I am very, very bad at multitasking. My brain is just not designed for it. I can’t talk on the phone with the TV on, I can’t listen to music while studying, I can’t read in Starbucks when everyone around me is talking. The reason I am forever making lists is that I can’t stand having multiple demands on my attention – I need to get them into an orderly queue, at least on paper, or my brain feels like it’s going to explode. This can easily be related to my eating disorder as well. My relapses have always happened during times when I’ve felt very overwhelmed, because slipping back into restriction narrowed my thoughts down to a single calming focal point: numbers.
When I am cooking, I wash things up as I go because I can’t stand leaving things unfinished, to the extent that I would rather leave my breakfast to go cold than leave the saucepan unwashed while I eat. I always eat quickly so I can wash my bowl and spoon up. I hate not having a clothes dryer here, because knowing that my clothes have been left to dry in the other room for two days plays on my mind – I want them folded up in my room already! Uncertainty and loose ends are NOT MY FRIENDS. So you can imagine how stressed out I am by my current situation.
At the moment I am trying to: find a new house, preferably by mid-November; sort out my financial situation; find a part time job; sort out voluntary work to make me more employable; find suitable colleges to apply to for next year; think about Christmas presents (I am broke and have six other family members so forward planning is essential); and keep up with my counselling coursework. I know it could be worse, but I desperately want to get that lot sorted out, because having them all clamouring for my attention is driving me batshit crazy. My mind was racing to the verge of panic earlier, I had to sit down on a bench and play with the sudoku application on my phone to avoid a public meltdown. Yes I know that’s an amusing mental image, but it wasn’t much fun for me.

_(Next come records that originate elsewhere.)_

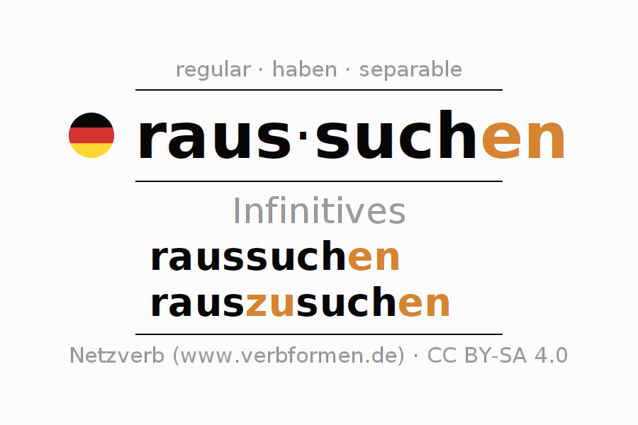 The infinitives of raussuchen (choose, pick out) are: raussuchen, rauszusuchen. The ending -en is appended to the verb stem such. When forming the infinitive with zu the "zu" is inserted after the separable first part raus-. The formation of the forms corresponds to the grammatical rules for the conjugation of verbs in the infinitive. Comments ☆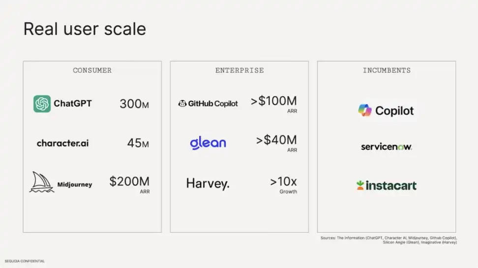 从上图也可以看出,客户对 AI 需求不仅限于一两个应用,而是方方面面的。很多人都知道 ChatGPT 有多少用户,但当在观察许多 AI 应用的收入和使用数据时,会发现现在不管是 to B 还是 to C,初创公司还是已有的科技公司,很多 AI 产品都在各个行业找到了合适的 PMF,应用场景已经非常多样化。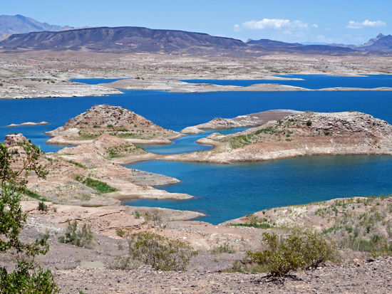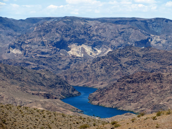 Kurzer Halt am Overlook Lake Mohave, Blick in die Black Canyon Wilderness. Und weiter geht die Fahrt, es ist drückend heiß. Dann halten wir am Visitor Center der Lake Mead National Recreation Area, hier gilt mal wieder unser Jahrespass. Wir machen eine Rundfahrt durch die herrliche Gegend, halten an verschiedenen Overlooks.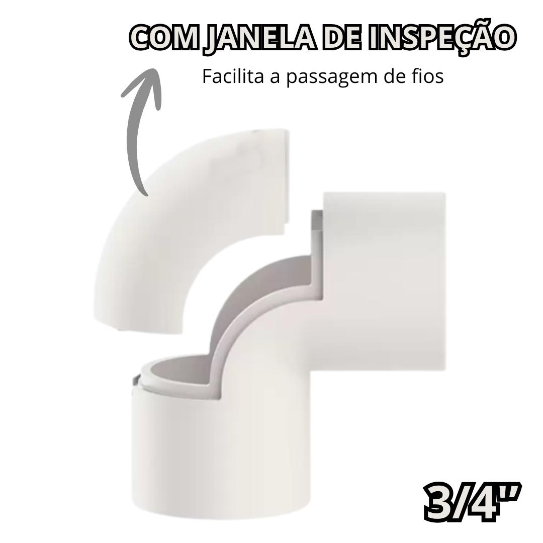 Possui janela/visita (abertura destacável) para inspeção, o que facilita a inserção dos fios e cabos em curvas.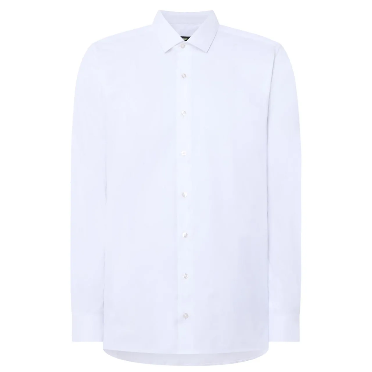 - Cutaway collar, long sleeves, button placket, tonal stitching, single-button cuffs, curved hemline, smooth fabric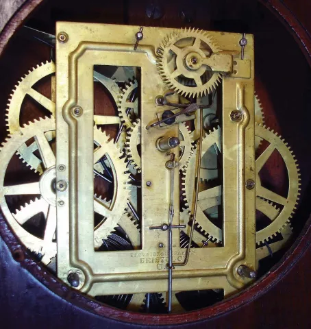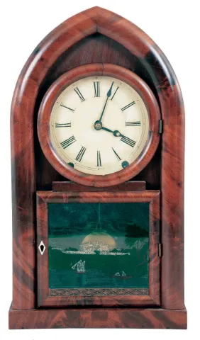 Brewster & Ingrahams, Bristol, Conn., 8 day, time and strike spring brass movement round Gothic or "beehive" shelf clock. Refinished mahogany veneered case in very nice condition with a small ding at the door lock. Original painted dial with some wear and minor loss at the mounting screws. Bottom tablet with some loss looks original, but has been out of the case. Hands are little unusual, but look original. Label is dark, but readable. Movement is signed.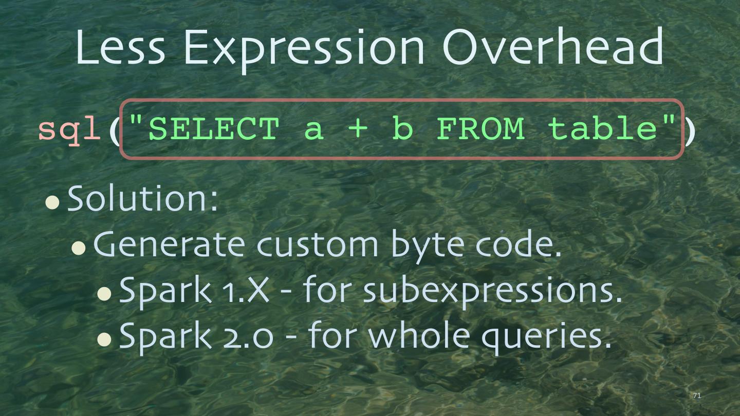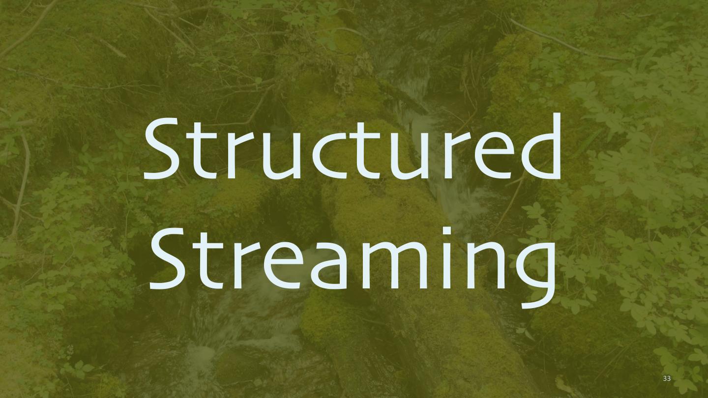 28 .planes. createOrReplaceTempView("planes") flights.cache(); planes.cache() val planes_for_flights1 = sqlContext.sql(""" SELECT * FROM flights f JOIN planes p ON f.tailNum = p.tailNum LIMIT 100""") Returns another val planes_for_flights2 = Dataset. flights.join(planes, flights("tailNum") === planes ("tailNum")).limit(100) 28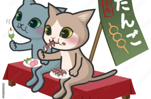 お茶を飲みながらパンケーキを食べる2匹の猫イラスト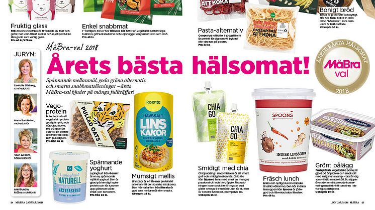 – Det är fantastiskt hur utbudet av nyttiga och gröna matprodukter har ökat i vanliga affärer de senaste åren. Det har varit en glädje att välja ut våra favoriter detta år och ge dem utmärkelsen ”MåBra-val 2018”. Förutom att de har tydliga hälsofördelar är produkterna väldigt goda och passar utmärkt för den som vill äta vegetariskt och lättlagat, säger MåBra:s chefredaktör Liselotte Stålberg, som suttit med i juryn.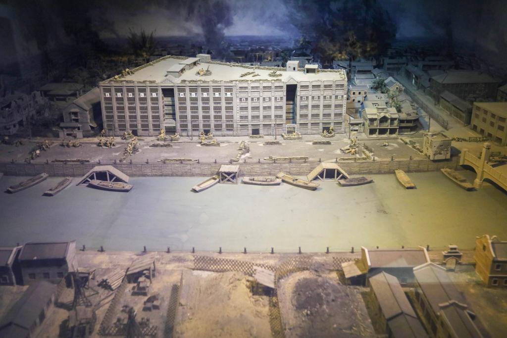 這是在上海四行倉(cāng)庫(kù)抗戰(zhàn)紀(jì)念館拍攝的還原四行倉(cāng)庫(kù)歷史場(chǎng)景的模型(2021年9月16日攝)。新華社記者 王翔 攝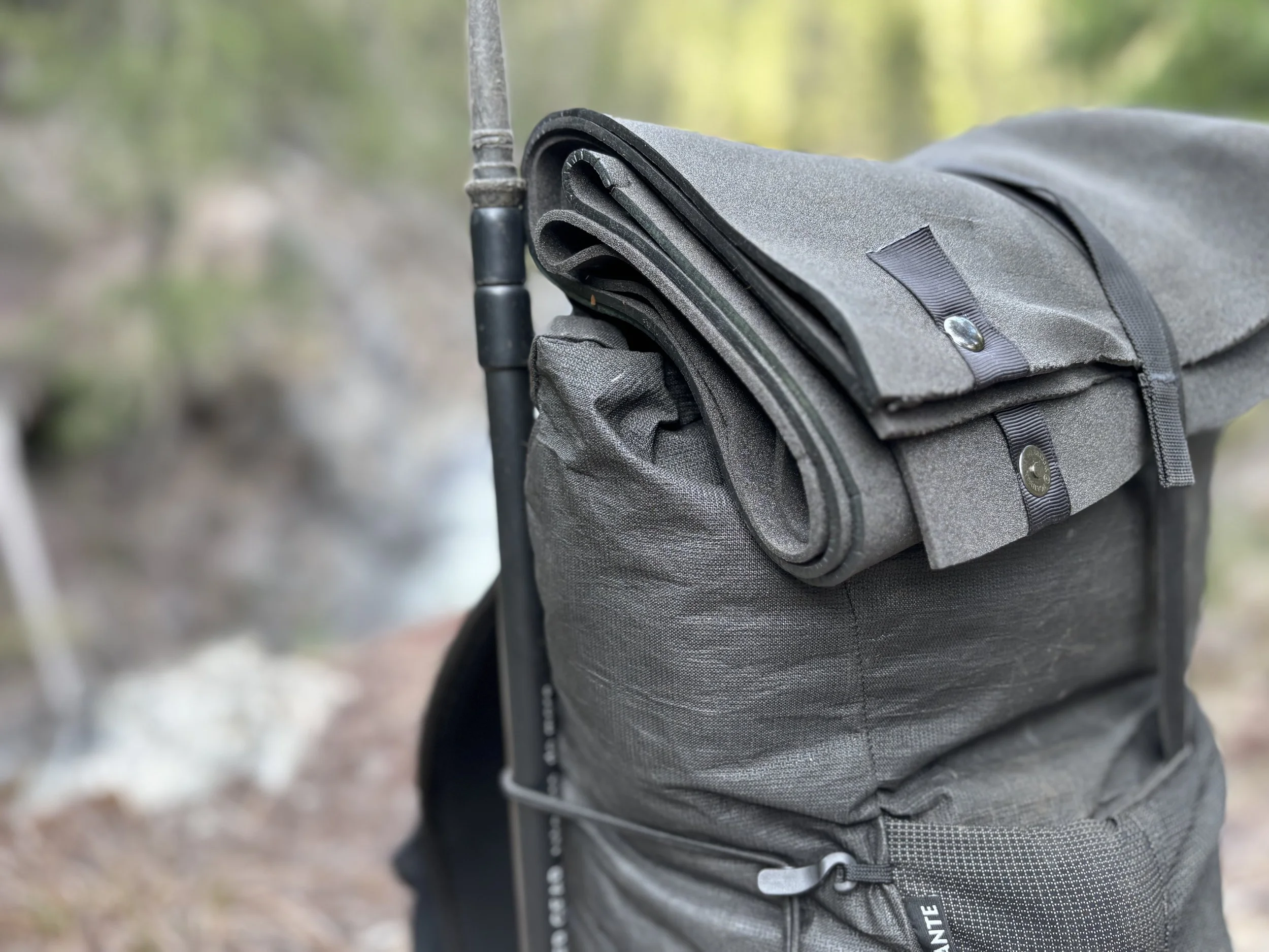MaryPoppinsUL sleep pad upper is the perfect size for an internal pack frame while on the trail. It provides rigidity and comfort while still allowing room for a bear can in the main compartment of your frameless pack. The lower, a convenient stretch pad, can be stowed on the outer-pack, or wherever you want it.

In a way, it makes me feel good to know that I’m hanging on and coping with all of this stress without reverting to behaviours. I haven’t hurt myself once and I’ve only lost the grand total of 4lbs since I got here, 1.5 of which I’ve gained back. So on that front I’m doing brilliantly. It’s just such a culture shock, having to deal with such practical and adult problems. I really threw myself in at the deep end this time. In a way, it was easier when I went to York, because I was living in college, I just had to pay rent and my bills were sorted out for me, my money came from the student loans company, I had a nice schedule of classes to keep me busy, societies and events were thrown at me to pick and choose from at leisure. And at that point in my life, even that was too scary and overwhelming for me. Two years on in Newcastle, my accommodation, finances, routine and social life are all entirely dependent on me sorting them out.
And of course, my various problems like to get in the way of my every move. For example, finding a new house. I am terrified of the phone. Seriously, I can phone my boyfriend and that’s about it. It can take me weeks to find the guts to phone my GP surgery, so phone hopping with various estate agents is incredibly draining, and leaves me in the state I ended up in earlier – sitting on a bench, playing sudokus and trying not to hyperventilate. Ditto meeting new people. I went to a viewing earlier and was dreading having to chat to the guy showing me around. I found it difficult to hold it together enough to ask sensible questions and not appear like someone who you’d never ever want renting your house. It’s not like I can take days off to recover either – I have to find somewhere new to live by a month today. Then I have to cope with feeling horribly uncomfortable in my current house until I move out. And those are just the accommodation hassles, there’s still the financal, job searching and day to day stuff to deal with.
If anyone has a quick way of curing lifelong OCD/anxiety which doesn’t involve religion, quackery or medication*, please let me know. Until then, you will find me sitting on a bench somewhere in Gateshead, doing sudokus or staring at a conker I’ve just pulled out of my coat pocket because I’m practising my mindfulness exercises.
*Nothing against people who do find religion or medication helpful**, they are just not helpful to me. Quackery, however, is unhelpful to everyone.
**I know I’ve said it a thousand times already, but someone always asks me – I can’t take medication because it makes me physically ill and manic/suicidal well beyond the time span of normal side effects, not because of any personal preferences!